I share your interest elendil. i am alos new and in process of collecting nice fissidens to make a tank with a whole lot of them  :Smile: back to your question:

1) i think you could ask around with fellow aquarist about this, maybe they have spme to spare  :Smile: 

2)i cant give you an answer for this. but i am using normal PL light and they are growing fine.

3) i dont know but surely PL is better than FL.
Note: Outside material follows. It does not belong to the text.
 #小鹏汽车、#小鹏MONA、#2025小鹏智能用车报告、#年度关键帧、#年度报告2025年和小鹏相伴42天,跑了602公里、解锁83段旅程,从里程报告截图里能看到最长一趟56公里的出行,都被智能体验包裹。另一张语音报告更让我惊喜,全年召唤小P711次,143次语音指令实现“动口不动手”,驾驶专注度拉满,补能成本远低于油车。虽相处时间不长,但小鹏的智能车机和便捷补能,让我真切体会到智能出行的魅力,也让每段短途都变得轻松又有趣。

Hope more experience bros/sis could help you out. Have a Great day!

Jumali

----------


## uorme99

I share your interest elendil. i am alos new and in process of collecting nice fissidens to make a tank with a whole lot of them  :Smile: , and as of now i am growing F.fontanus and a wire mesh of Zipper moss,back to your questions:

1) i think you could ask around with fellow aquarist about this, maybe they have spme to spare  :Smile: 

2)i cant give you an answer for this. but i am using normal PL light and they are growing fine.

3) i dont know but surely PL is better than FL.
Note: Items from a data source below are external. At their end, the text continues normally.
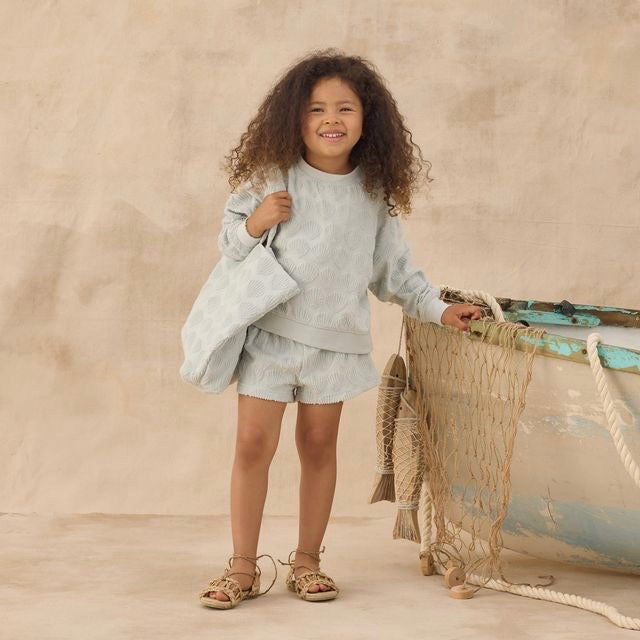Featuring our ‘seashell terry' print on our 'seafoam' hue. This coastal look is ready for summer!
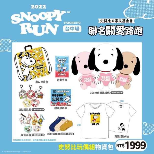 「1999元史努比玩偶組」物資包,包含經典組所有品項之外,還有史努比木製鑰匙圈、束口後背包、襪子(三擇一)和30公分史努比玩偶,這款絕對物超所值,路跑還能把史努比娃娃帶回家,共有白、粉和咖啡三色,款式隨機!
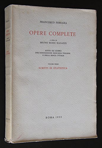 FRANCESCO FERRARA Opere Complete - Volume Primo - Scritti Di Statistica. , BANCA D'ITALIA 1955, 172 253 574 A CURA DI BRUNO ROSSI RAGAZZI. BROSSURA EDITORIALE, PICCOLA ETICHETTA AL DORSO, BUONE CONDIZIONI. (2859)
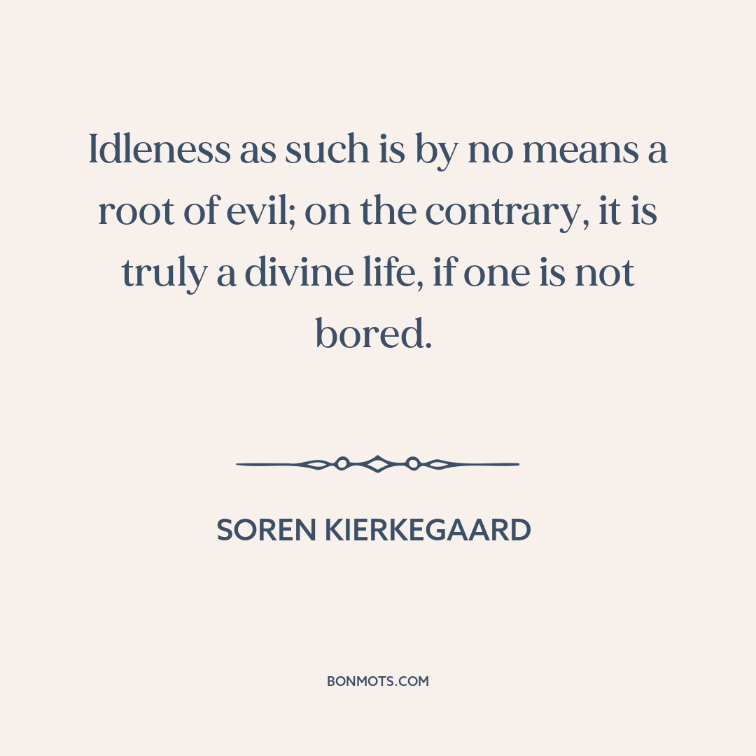 Idleness as such is by no means a root of evil; on the contrary, it is truly a divine life, if one is not bored.
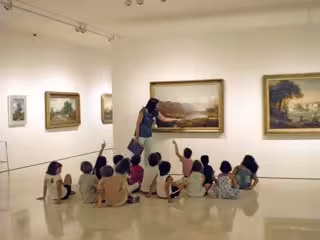 Las obras presentes en esta actividad son 'Nubes de septiembre, 1891', de Childe Hassam, o 'El arco iris, otoño, Catskills' de Worthington Whittredge. Además, los niños conocerán a partir de esta actividad el 'Patio Interior, Sevilla, 1920' de García Rodríguez, que pertenece a la Colección Permanente.
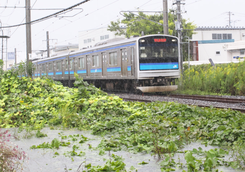 線路脇も 冠水 もう少し降られると 線路側から水が流れ込みます
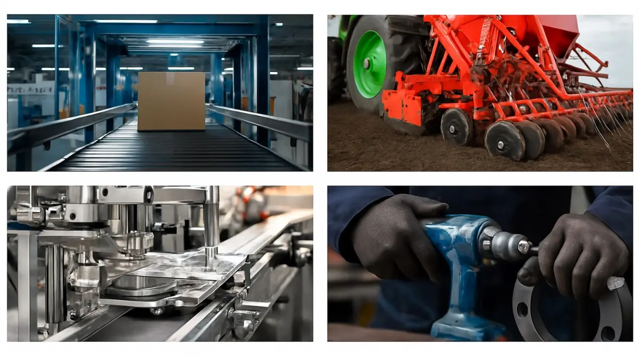 ஒரு தானியங்கி அசெம்பிளி லைனில் கன்வேயர் போன்ற நடைமுறை பயன்பாடுகளில், திஸ்பர் கியர்சரக்குகள் சீராக முன்னேறும் வகையில் ரோலரைச் சுழற்றுவதற்குப் பொறுப்பு; எடுத்துக்காட்டாக, ஒரு விவசாய விதைப்பு இயந்திரத்தில், அவர்கள் சீரான செயல்பாட்டை உறுதி செய்வதற்காக விதைப்பு தாளத்தை கட்டுப்படுத்துவதில் பங்கேற்கிறார்கள்; சில பொதுவான சக்தி கருவிகளில் கூட, இது சக்தியை கடத்துவதில் முக்கிய பங்கு வகிக்கிறது.
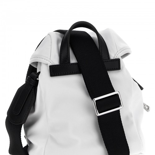 Water-repellent nylon ‘Mini Trick’ crossbody bag with leather details, front pockets with zip closure, adjustable and removable fabric shoulder strap, fixed handle, flap closure with tuc, inner drawstring.
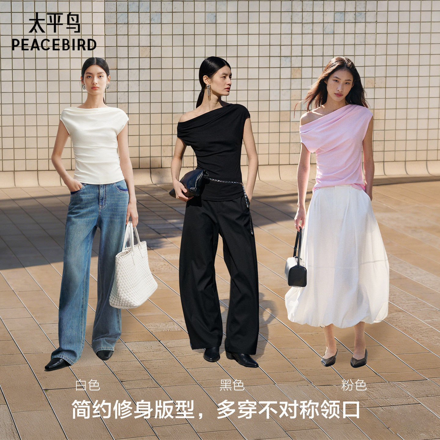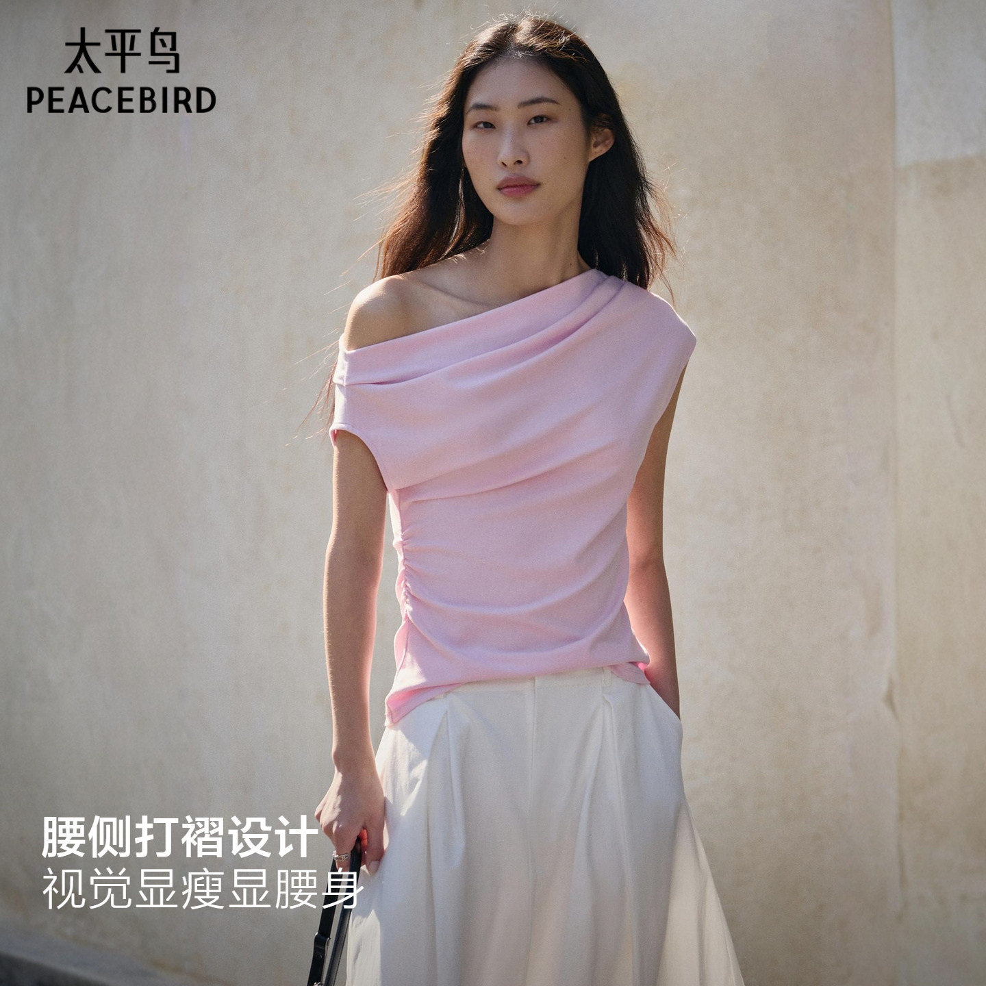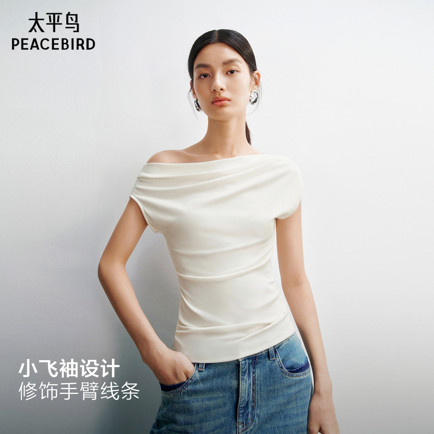 太平鸟 浅春幻彩斜肩荡领两穿短袖T恤新款女士小飞袖遮肉修身上衣

Hope more experience bros/sis could help you out. Have a Great day!

Jumali

----------


## elendil

Thanks, Jumali. 

Yeah, I'm fascinated by the fissidens. They look so beautiful! Especially the zippelianus when they grow bigger in a bunch.  :Smile:  

So, anyone can tell me where I can get it?

----------


## uorme99

my office PC.... got something must be wrong.. err sorry for that  :Smile:

----------


## elendil

Naw...no problem. I thought you were having internet problem and start pressing F5. Hehehe.

----------


## uorme99

i think it will be great to gather all information regarding Fissidens. Starting from the beloved Fissiden fontanus. how to achieve an excellent growth out of them. hmm looks like intruding your post. i would start up a new post then. Have a great day!

----------


## isterios

Sorry for this old post up, but I have the same request as Elendil:
we (two privates persons) try to gather most of the existing mosses, in order to develop our aquascaping passion, but Fissiden zippelianus is very, very hard to find.
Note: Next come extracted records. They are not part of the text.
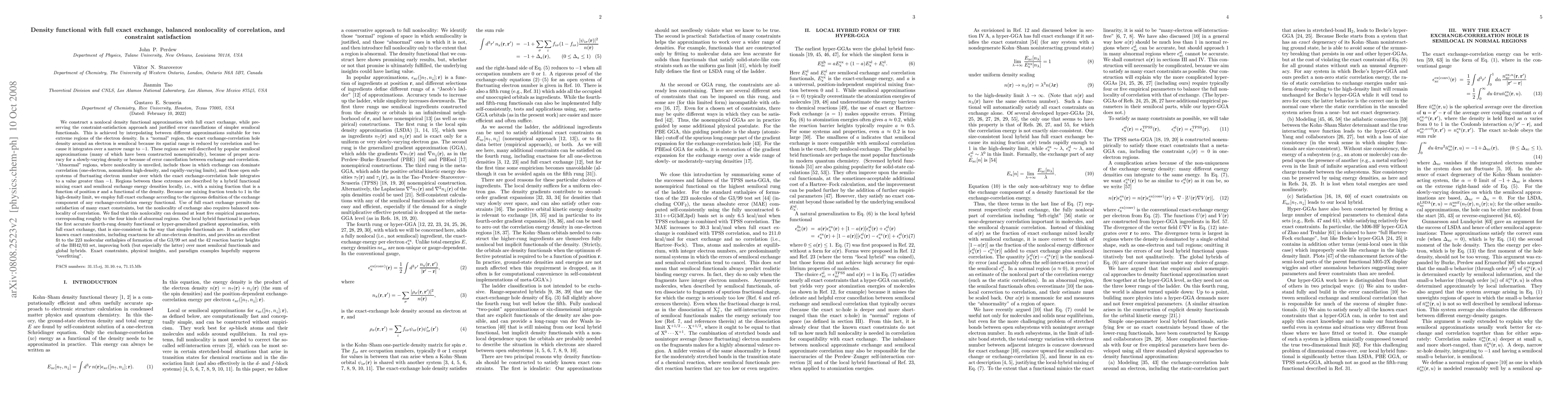 This paper introduces a novel nonlocal density functional approximation that incorporates full exact exchange, balanced nonlocal correlation, and constraint satisfaction. The functional interpolates between semilocal and hybrid approaches to accurately describe both normal and abnormal regions of electron density, achieving superior performance in predicting molecular enthalpies and reaction barriers compared to existing semilocal and global hybrid functionals.
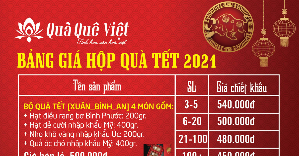 Bảng giá quà tết 2021, bảng giá đại lý, giá sỉ hộp quà tết 2021 cung cấp bởi Quà Quê Việt, mẫu mã sản phẩm đa dạng chiết khấu cao cho đại lý và cộng tác viên có nhu cầu nhập quà tết 2021 tại Quà Quê Việt.
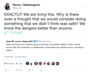 I say this without an ounce of disrespect, but when a device company or HCP implies – intentionally or otherwise – that those of us using a DIY system are being reckless and being unsafe, I find it insulting, and a little disingenuous, because any conceivable hazard is highest to those of us who have the devices stuck to our bodies, and using an algorithm that decides how much insulin to push into our bodies.
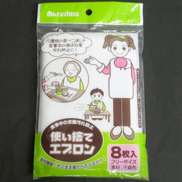 使い捨てエプロン8枚入 フリーサイズ:約72x39cm 材質:不織布
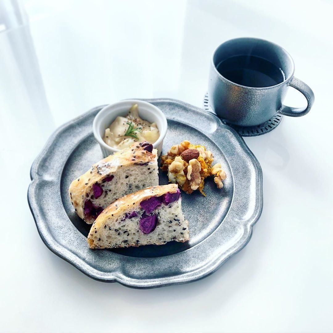 lilymamanさんは休日の朝ごはんに、こねない生地でつくるさつまいもと黒ごまのカンパーニュを焼きました。カンパーニュとあわせて、前日の残りのクリーム煮とかぼちゃサラダもチョイス。お家でカフェ気分が楽しめるすてきなメニューですね!

I ordered to aquamagic, but what they call Fissiden zippelianus was only star moss...

So, does someone have a plan to find this moss ? (only Fissiden zippelianus)

If someone on the forum owns this moss, it would be very nice to contact me  :Smile: 

Thank you.

----------


## cbr_400_cbr

Does this moss requires high tech tank?

----------


## Cmlee

interested too

----------


## ne0matr1x

Hello guys. I have some Fissidens Zippelianus but they are in emmersed form.
PM me if you guys are keen.

----------


## kalkwasser

Hi, do you still have them? Are u selling or giving away  :Smile: 




> Hello guys. I have some Fissidens Zippelianus but they are in emmersed form.
> PM me if you guys are keen.

----------


## kalkwasser

Hi, does anyone has some to spare?

----------